Nobody offers any ideas on how to avoid disaster or how to recover afterward — or even after a few political corrections to the current course. How can Russia regain the world's confidence? How can this country once again attract investors? How can it build the necessary infrastructure?
How can Russia avoid falling into the same trap of the last 20 years when corrupt and narrow interests outweighed the common good? How can Russia avoid becoming so backward and marginalized that even its own citizens lose interest in it?
Even the most politically active and clear-thinking youth have no better answer to the question of "What is to be done?" than: "We must replace Putin." The question of how to accomplish that task is almost never discussed. Neither does anyone explain why a leader with a different surname would behave any differently than Putin under the same political circumstances.

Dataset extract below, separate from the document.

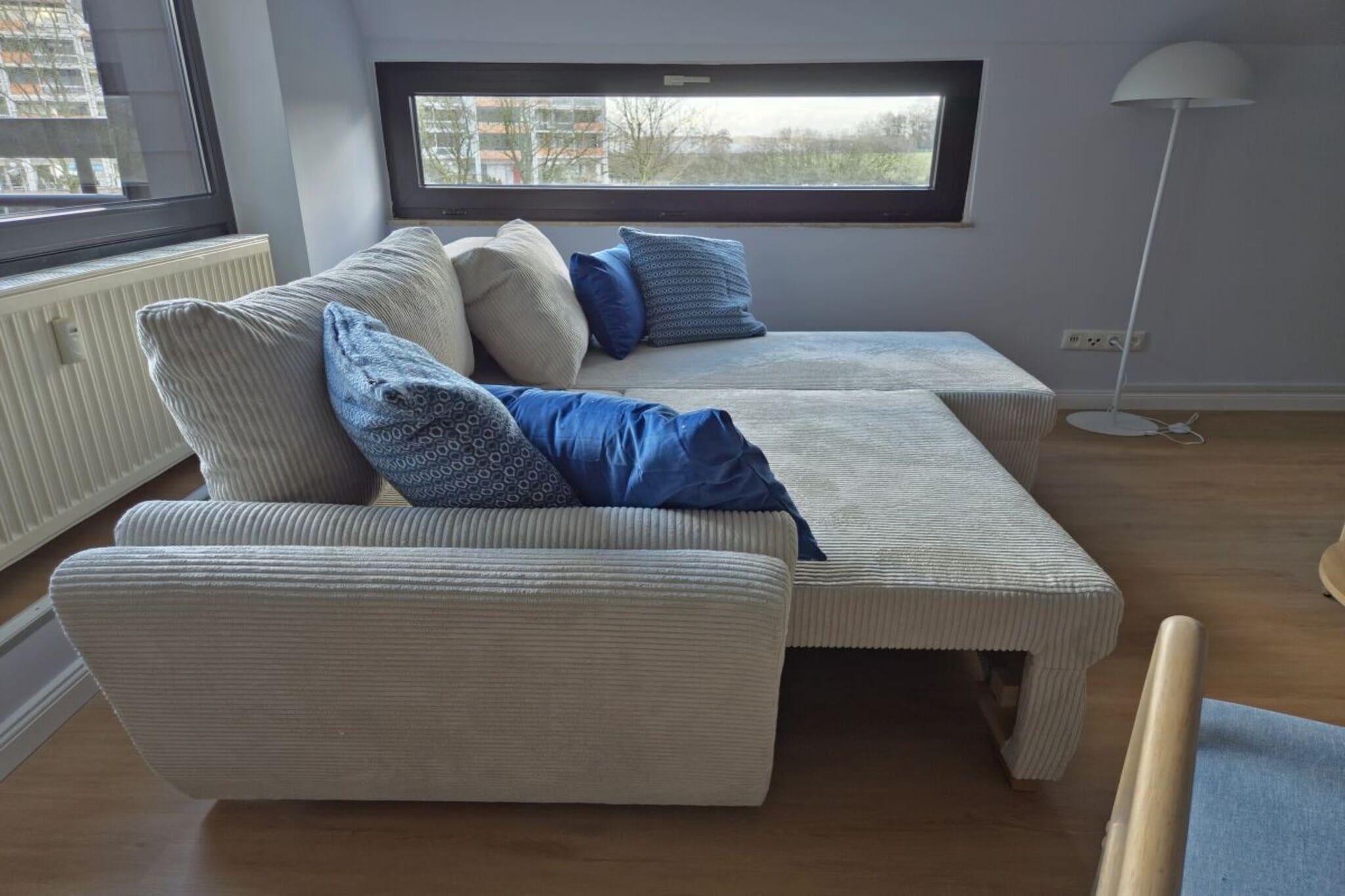 Beliggende i bakkerne i Bad Zwischenahn finder I den stilfulde ferielejlighed Stella med maritim stil. Den centrale beliggenhed giver jer mulighed for hurtigt at komme til bymidten eller det omkringliggende landskab via en idyllisk cykelsti. Lejligheden på første sal, der er tilgængelig via trapper eller elevator, blev møbleret i 2025. Fra stuen og soveværelset har I en vidunderlig udsigt over Zwischenahn-søen. Køkkenet er udstyret med køkkengrej og apparater af høj kvalitet. Spisebordet kan forlænges, hvilket giver rigelig plads til en bærbar computer, hvis I ønsker at kombinere ferie og arbejde. Stuen har et smart-tv med en gratis Netflix-konto, en lille soundbar og en sovesofa. Denne har komfortabel plads til to voksne og et lille barn. Soveværelset er møbleret med en stor 1,8 x 2 m seng og et spejl i fuld længde. Gratis brug af vaskemaskine og tørretumbler er inkluderet. For kaffeelskere er der en fuldautomatisk kaffemaskine, en moka-kande eller en klassisk drypkaffemaskine til rådighed.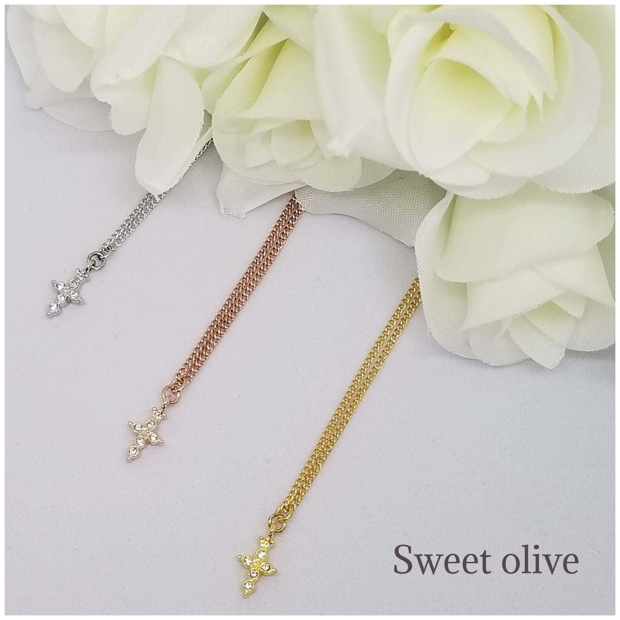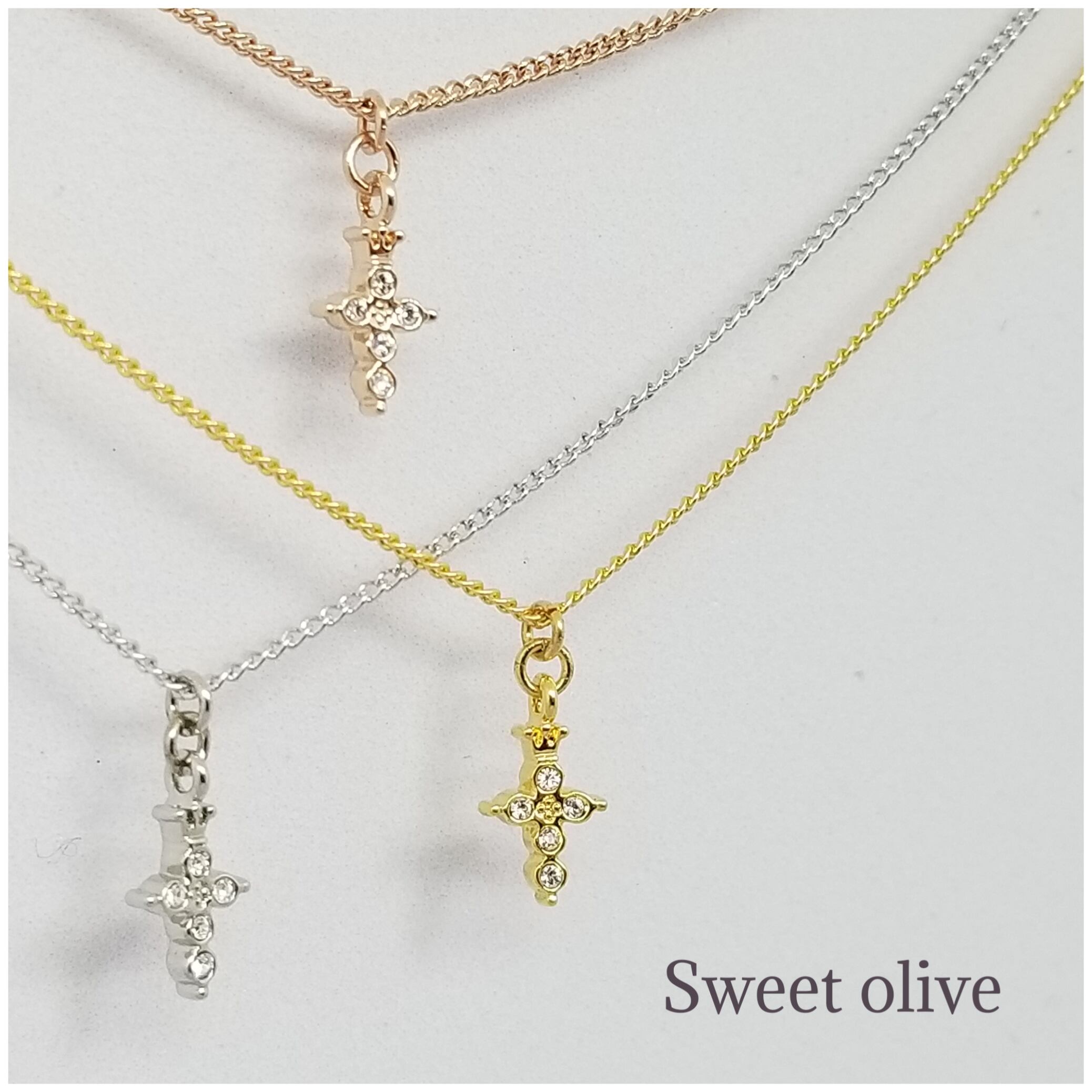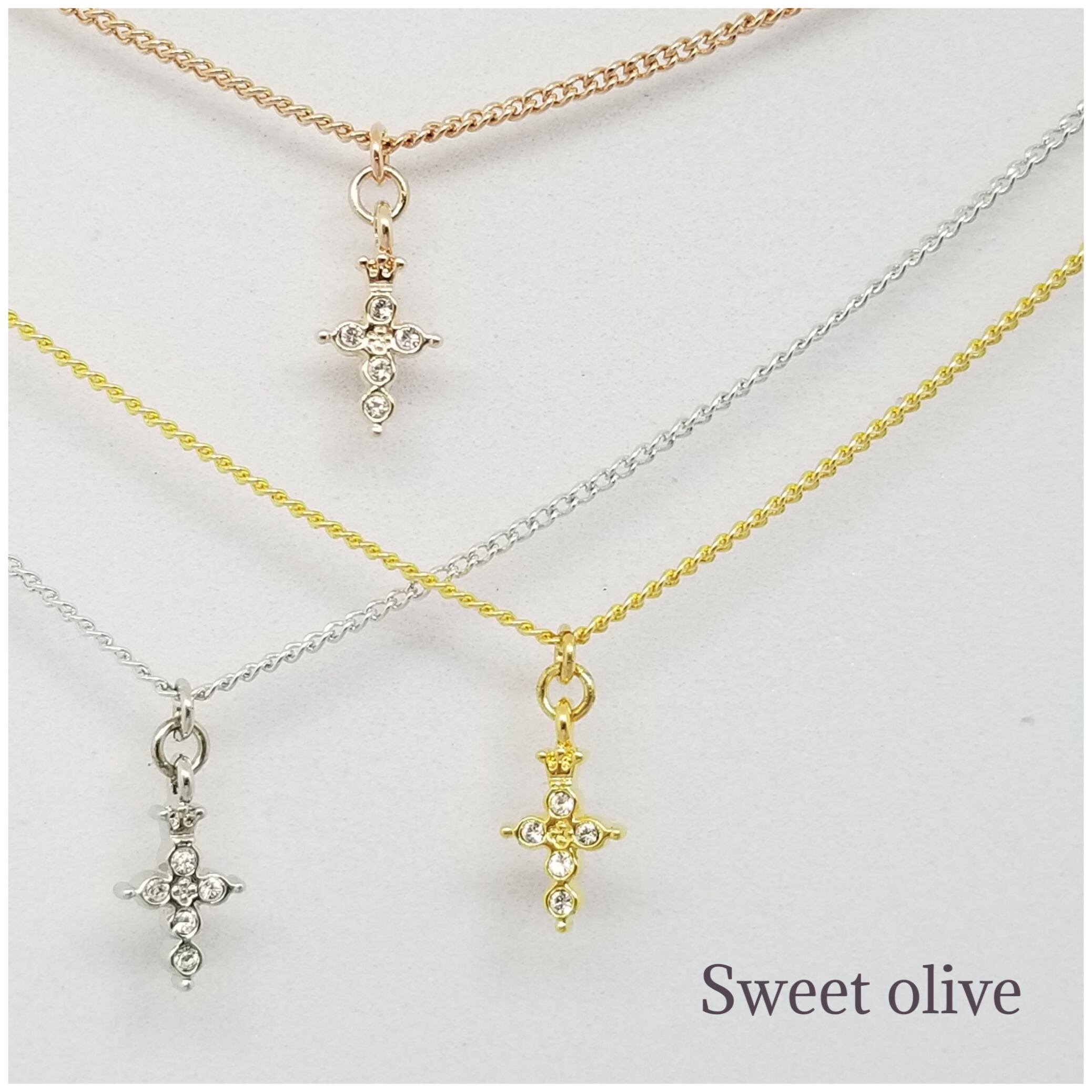 小さなクラウンモチーフが施されたクロスにスワロフスキー・クリスタルが埋め込まれています。

But if an answer does come, it is often the disappointingly naive: "Because anyone else is better than Putin." And no attention is given to the question of how to introduce institutional guarantees to prevent even the most well-intentioned reformer from becoming an autocrat, despot and patron of high-level corruption.
I believe that Russians do not have an "escape plan" from their troubles because they have grown accustomed to misfortune. After suffering two national collapses in a single century — in 1917 and 1991 — two world wars and decades of a government that essentially waged war against its own people, Russians now reflexively begin preparing for the end of the world at the least sign of turbulence. Of course, the end of the world is terrible, but at least it does not require people to think about what comes next.
Russia really does have little hope of a bright future, but it is not necessarily headed for doomsday either. All the same, it is time to set aside our infatuation with past suffering and mutual recriminations and focus our efforts on finding an answer to the question: "What is to be done?"